Preparing exchange documentation that are required with the Exchange Agreement and any Assignments of the Agreements of Sales and ensuring Acknowledgements among others.

There will be a closing agent on the relinquished property the QI will Coordinate details with the closing agent to ensure the transaction is documented as a 1031 exchange. This is important to do and avoid any resemblance of a taxable sale. The QI will provide written instructions to the closing agent. The closing statements on the replacement property will be reviewed by your Exchange Officer in advance of the closing.

One of the major items is the receipt and holding of the exchange funds. Ideally these funds should be held in a segregated, interest-bearing exchange account until the replacement property is acquired. There should be numerous safeguards in place to protect your funds during the Exchange Period. One caveat is Qis are an unregulated profession and does not have any licensing laws or qualification.

The investor needs to enter into a contract with the QI.  As stated previously the QI needs to accept the proceeds from the relinquished property. A taxpayer cannot accept any funds from the sale. If you close without a contract with the QI prior to closing the exchange cannot take place and this will be a taxable event. Investors receiving funds is called having constructive receipt of the funds.

Deadlines are DEADLINES!

If you have closed with a QI in your corner, you next need to be cautious with time frames.  Many of the Qis we have worked with for the benefit of the investor are well aware of the deadlines.  Most QI will immediately upon receipt of the closing proceeds on the relinquished property send a detailed form with dates, replacement property rules and reminders. One of the first deadlines is the 45-day replacement notification list.  There is no extension to the 45 days.  If the 45th day falls on a weekend, holiday or any other special occasion there is no extension.  You can alter your list during the 45-day period but on the last day whatever the list the QI has becomes the final list. Some of our investors may locate a replacement property prior to the 45 days and close on the property.

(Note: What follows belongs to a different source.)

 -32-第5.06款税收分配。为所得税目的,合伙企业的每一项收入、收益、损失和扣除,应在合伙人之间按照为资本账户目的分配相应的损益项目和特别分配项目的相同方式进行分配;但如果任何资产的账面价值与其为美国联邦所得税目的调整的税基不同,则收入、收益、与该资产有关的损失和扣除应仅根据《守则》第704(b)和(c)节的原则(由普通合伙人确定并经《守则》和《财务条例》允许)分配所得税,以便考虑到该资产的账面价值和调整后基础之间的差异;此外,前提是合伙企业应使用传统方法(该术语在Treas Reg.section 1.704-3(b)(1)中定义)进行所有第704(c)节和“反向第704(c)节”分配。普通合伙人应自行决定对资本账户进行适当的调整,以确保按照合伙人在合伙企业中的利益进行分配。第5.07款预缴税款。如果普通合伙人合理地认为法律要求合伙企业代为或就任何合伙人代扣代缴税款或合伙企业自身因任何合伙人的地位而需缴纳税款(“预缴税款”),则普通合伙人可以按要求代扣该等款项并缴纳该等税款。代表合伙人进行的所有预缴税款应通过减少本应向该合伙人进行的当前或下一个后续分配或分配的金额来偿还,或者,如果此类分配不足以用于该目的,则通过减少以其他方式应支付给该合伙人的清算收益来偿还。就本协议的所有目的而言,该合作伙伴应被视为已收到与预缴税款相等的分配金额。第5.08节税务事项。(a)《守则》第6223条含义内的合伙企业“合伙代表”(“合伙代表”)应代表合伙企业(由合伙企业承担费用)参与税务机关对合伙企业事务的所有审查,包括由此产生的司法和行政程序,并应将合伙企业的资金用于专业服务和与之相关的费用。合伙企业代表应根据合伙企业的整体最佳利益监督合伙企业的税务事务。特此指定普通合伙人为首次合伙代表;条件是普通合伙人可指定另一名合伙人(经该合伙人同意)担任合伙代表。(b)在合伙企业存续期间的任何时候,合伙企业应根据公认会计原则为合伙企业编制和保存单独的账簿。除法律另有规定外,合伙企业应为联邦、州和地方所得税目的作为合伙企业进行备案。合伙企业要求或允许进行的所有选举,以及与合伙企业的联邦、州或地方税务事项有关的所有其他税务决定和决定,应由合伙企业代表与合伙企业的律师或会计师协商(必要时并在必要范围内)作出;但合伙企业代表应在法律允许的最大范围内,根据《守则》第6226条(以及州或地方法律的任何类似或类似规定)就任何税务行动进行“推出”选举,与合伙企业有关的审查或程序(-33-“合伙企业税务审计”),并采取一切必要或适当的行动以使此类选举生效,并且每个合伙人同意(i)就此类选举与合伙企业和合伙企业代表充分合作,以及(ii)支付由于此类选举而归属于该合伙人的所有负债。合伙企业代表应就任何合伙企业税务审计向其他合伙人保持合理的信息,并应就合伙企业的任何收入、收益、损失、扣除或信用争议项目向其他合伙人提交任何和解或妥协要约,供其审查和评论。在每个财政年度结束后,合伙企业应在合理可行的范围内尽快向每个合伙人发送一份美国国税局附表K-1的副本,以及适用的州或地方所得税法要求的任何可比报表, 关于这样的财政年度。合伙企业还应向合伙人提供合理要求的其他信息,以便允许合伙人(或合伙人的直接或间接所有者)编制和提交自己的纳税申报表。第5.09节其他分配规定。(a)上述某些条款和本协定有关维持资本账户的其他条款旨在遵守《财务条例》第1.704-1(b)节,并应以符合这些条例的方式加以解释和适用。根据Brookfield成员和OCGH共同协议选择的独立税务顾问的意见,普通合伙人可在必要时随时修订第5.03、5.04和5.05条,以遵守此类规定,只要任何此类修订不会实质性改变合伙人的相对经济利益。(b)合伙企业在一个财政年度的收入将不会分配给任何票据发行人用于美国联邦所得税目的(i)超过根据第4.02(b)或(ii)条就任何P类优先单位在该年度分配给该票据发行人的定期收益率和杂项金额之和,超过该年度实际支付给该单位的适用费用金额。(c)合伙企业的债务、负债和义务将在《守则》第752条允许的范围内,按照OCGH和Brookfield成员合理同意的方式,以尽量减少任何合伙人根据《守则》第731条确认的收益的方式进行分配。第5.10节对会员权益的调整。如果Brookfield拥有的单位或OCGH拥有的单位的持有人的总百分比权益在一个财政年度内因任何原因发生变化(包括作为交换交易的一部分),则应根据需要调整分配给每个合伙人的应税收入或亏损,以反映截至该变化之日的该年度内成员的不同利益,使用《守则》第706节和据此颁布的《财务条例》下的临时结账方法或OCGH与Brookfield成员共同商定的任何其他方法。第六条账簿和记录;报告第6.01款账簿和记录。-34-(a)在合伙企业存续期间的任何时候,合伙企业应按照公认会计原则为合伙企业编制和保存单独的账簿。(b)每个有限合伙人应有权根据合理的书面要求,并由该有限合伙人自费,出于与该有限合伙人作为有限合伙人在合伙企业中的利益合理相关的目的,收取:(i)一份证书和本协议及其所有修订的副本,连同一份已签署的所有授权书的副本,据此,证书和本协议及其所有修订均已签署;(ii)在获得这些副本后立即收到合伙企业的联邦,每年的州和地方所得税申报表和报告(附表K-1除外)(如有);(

In this case there is an exception that there does not need to be a 45-day list.   Be advised that if you are closing on multiple properties all properties need to be identified. One other caution- if you acquire a property that is not on your list that property does not qualify as a 1031 exchange. We will cover rules for identification later in this article.

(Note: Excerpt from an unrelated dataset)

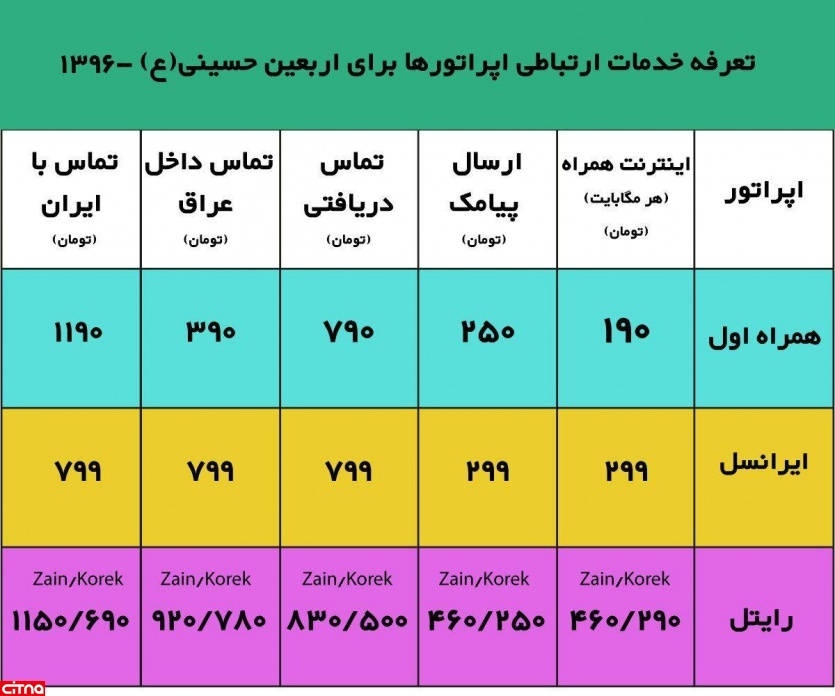 در نهایت به نظر می رسد با توجه به تعرفههای مقرون به صرفهی رایتل برای زائران اربعین حسینی و از آنجا که این اپراتور ارزانترین تعرفهی تماس دریافتی و ارزانترین تعرفهی تماس با ایران در عراق را ارائه داده است بیشتر از رقبا مورد توجه زائران اربعین حسینی برای برقراری ارتباطات در عراق قرار گرفته است.
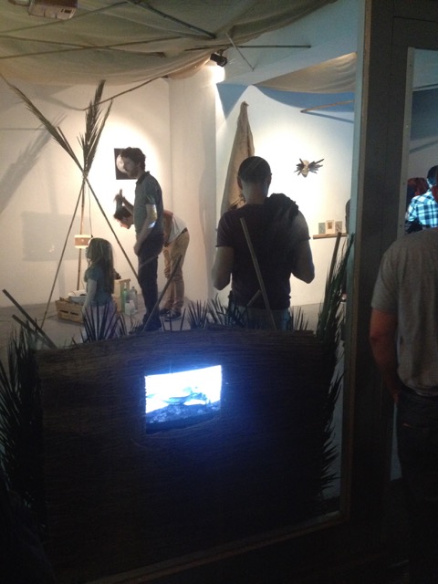 Tucked away from the piratical screams of Kottbusser Tor, Vesselroom Project boasts a perfect vestige for creative minds. Montiel-Soto and Garcia collaborate constructing an installation that visually fits with the Treasure Island theme one finds themselves in at Kotti. Video projections flanking sculptural installation filled the cozy space and people beat the rain to come out and experience the Point of No Return, transitioning through the moments between time. Complete with frog fountain, astrological iconography, and grass, there was a tiki torch/lost in paradise vibe to the whole thing.

Real Estate Broker Involvement.

Being a Florida Real Estate broker for 4 decades I have participated in and seen hundreds of exchanges.  There are incidents  where the real estate agent or broker may have created a situation that led to the failure of the investor exchange.  Occasionally when a real estate agent starts working with an investor selling a property and wishing to enter into a 1031 the agent develops a strategy.  This strategy may include the real estate agent anticipating and thinking about making two sales.  The two sales would be selling the investor’s current property and then arranging for the acquisition of the replacement property.    We have received several calls from investors stating the real estate agent encouraged the investor to sell their property with the real estate agent almost guaranteeing the real estate agent will locate replacement properties. In defense of real estate agents some are well skilled to handle the critical timing of the 1031.  Ideally, the investor has insight on the replacement property the investor wants to acquire prior to listing and selling the relinquished property.  There are three potential negative outcomes that we have witnessed firsthand.  Those would be finding an acceptable property, Understanding the 1031 details,  and contract contingencies.

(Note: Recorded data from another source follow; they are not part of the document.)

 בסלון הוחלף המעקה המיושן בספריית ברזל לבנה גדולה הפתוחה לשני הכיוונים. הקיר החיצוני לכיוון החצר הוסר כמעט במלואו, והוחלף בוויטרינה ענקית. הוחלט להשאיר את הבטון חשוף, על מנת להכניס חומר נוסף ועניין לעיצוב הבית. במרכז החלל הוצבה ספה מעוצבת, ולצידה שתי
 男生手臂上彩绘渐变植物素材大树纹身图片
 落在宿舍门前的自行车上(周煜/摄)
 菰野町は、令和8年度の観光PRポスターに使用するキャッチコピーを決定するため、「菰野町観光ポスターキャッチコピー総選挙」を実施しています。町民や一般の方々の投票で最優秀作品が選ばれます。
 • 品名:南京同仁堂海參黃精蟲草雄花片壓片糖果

Finding acceptable property.

On more than one occasion, the selling agent convinces the investor to list and sell an income producing property. Once the income producing property closes the investor starts to review the replacement properties being suggested by the selling agent (who would earn a second commission). The clock is ticking on the 45-day identification period. At times there are so many details to review on the replacement properties with inspection, potential mortgage approval, and a host of other items that need to be verified.   Depending on the current real estate market the available inventory may not be acceptable to the investor for a variety of reason. Unfortunately, the investor is on the short end of the stick. 

Understanding the 1031 details.

There may also be confusion on the part of the investor totally understanding the requirement of the 1031 exchange.  One stipulation is the debt being paid off on the relinquished property must be replace when acquiring a replacement property. I can remember vividly hearing the spouse of the exchange investor stating that she did not want to have a mortgage because  the loan “will be a noose around their neck”. The reference to the noose was based on the requirement for the investor to sign the loan documents and be liable for the loan on the new replacement property.

Contract Contingencies.

Contingencies in contracts work for both the seller as well as the buyers.  Even though there is 45 days to identify time goes by quickly. Once you engage in an offer, negotiations, and final acceptance of the purchase contact there are many items to clarify.  Typically, there may be contingencies in the contract. From the buyer’s perspective they want to purchase the property free of any existing liens, with the proper representation and warrants from the seller.  We have seen situation where the person signing the purchase contract not having the legal right to sell the property. This may come up in the title search and there were additional people on the title. Title searches need to be ordered immediately.  We have seen in the case of income properties rent rolls overstated effecting the NOI of the property.  NOI may be used to establish an acceptable purchase price.  Even if the price of the property is reduced after discovery of rental discrepancies the total value of the exchange may be affected. The drop in the purchase price may create a capital gains event for the exchanger. You frankly may run out of time.  We have been successful in assisting an investor who was at the end of the 45-day identification period (4 days remaining) and needed to place $3.2M in cash and needed $2.8M in debt.

Tested Solution.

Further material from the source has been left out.